VICTOR SEOW
Associate Professor of the History of Science
Victor Seow is a historian of technology, science, and industry. He specializes in China and Japan in the long twentieth century and in histories of energy and work. At the core, his research revolves around questions of how technoscientific developments intersect with economic life and environmental change in the making and unmaking of industrial society.
Professor Seow is the author of Carbon Technocracy: Energy Regimes in Modern East Asia (Chicago: University of Chicago Press, 2022), a study of the deep links between energy extraction and technocratic politics through the history of what was once East Asia’s largest coal mine. In delving into the origins of fossil-fueled development in China and Japan, this book unearths both the dominant role of the state in energy transitions toward coal and oil and the enduring reliance on human labor power in the carbon age.
Carbon Technocracy has received several awards, including the Association for Asian Studies’ John Whitney Hall Book Prize, the Chinese Historians in the United States’ Academic Excellence Award, and the Society for Historians of American Foreign Relations’ Michael H. Hunt Prize in International History. It was also named one of Kirkus Reviews best books of 2022.
Professor Seow is currently researching and writing his next book, tentatively titled The Human Factor: A History of Science, Work, and the Politics of Production. Through a history of industrial psychology in China from the 1930s to the present, this book asks how work became a subject of scientific inquiry and how the sciences of work shaped and have been shaped by the wider politics of production. For this project, he recently completed an ALM in industrial and organizational psychology at the Harvard Extension School.
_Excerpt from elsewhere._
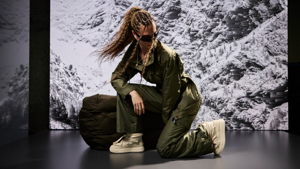 Grandes pantallas digitales sirvieron como escenarios inspirados en la montaña, ofreciendo un entorno similar a un estudio para la creación de contenido. Un anfitrión especializado guió a los invitados a través de la visión del calzado de Moncler: estética sofisticada, tecnicidad superior e innovación utilitaria, plasmada a través del diálogo auténtico y las conexiones con la comunidad.

At Harvard, Professor Seow offers a range of courses on the history of science and technology in China and East Asia and on topics related to industrial society more broadly, such as the history of the factory and the sciences of work. He advises graduate students working on science and technology in China, Japan, and Korea as well as those focusing on other geographical areas who are interested in the intersections of technology, capitalism, and the environment. He also serves on the Standing Committee for the PhD in History and East Asian Languages.
With the support of the Harvard University Asia Center, Professor Seow convenes the Science and Technology in Asia seminar series, which showcases some of the latest and most exciting work in the history and social studies of science, technology, medicine, and the environment centered on East, South, and Southeast Asia.
Born and raised in Singapore, Professor Seow received his BA in History and Political Science from McGill University and his PhD in History and East Asian Languages from Harvard University. Before joining the Harvard faculty in 2017, he was an assistant professor of history at Cornell University.